Tempa Pogacara (UAE Team Emirates) nie byli w stanie utrzymać ani rodak Primoż Roglić (Jumbo-Visma), ani Kolumbijczyk Rigoberto Uran (EF Education-Nippo), ani Brytyjczyk Geraint Thomas (Ineos Grenadiers).
Długo wydawało się, że etap z Change do Laval Espace Mayenne będzie rozgrywką specjalistów od jazdy indywidualnej na czas. Liderem przez kilkadziesiąt minut był Szwajcar Stefan Kung (Groupama-FDJ), który wyprzedzał Duńczyka Jonasa Vingegaarda (Jumbo-Visma). Doświadczony kolarz siedział na „gorącym krześle”, aż metę minął Pogacar.
Słoweniec leciał nad trasą, zamiast jechać. Był najszybszy na wszystkich punktach pomiaru czasu i na mecie wyprzedził aż o 44 sekundy Roglicia. Thomas, czyli lider najbogatszego w peletonie Ineosu, stracił do Pogacara ponad minutę.

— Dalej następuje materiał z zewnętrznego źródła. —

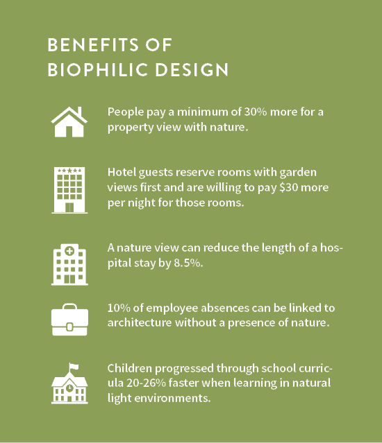 “We believe that incorporating nature into the built environment is not just a luxury, but a sound economic investment in health and productivity, based on well-researched neurological and physiological evidence,” according to the report.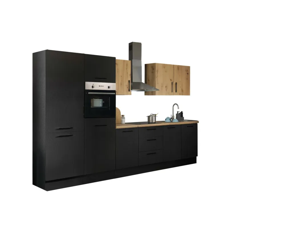 Façade et caisson : imprimé bois (woodprint) ton noir et panneau de particules surfacé mélaminé (PPSM) décor chêne Artisan

Żółtą koszulkę lidera obronił Mathieu van der Poel (Alpecin-Fenix), ale Holender w wysokich górach nie jest orłem i wiele wskazuje na to, że prowadzenie w klasyfikacji generalnej utrzyma tylko do weekendu, kiedy kolarzy czekają pierwsze poważne wspinaczki.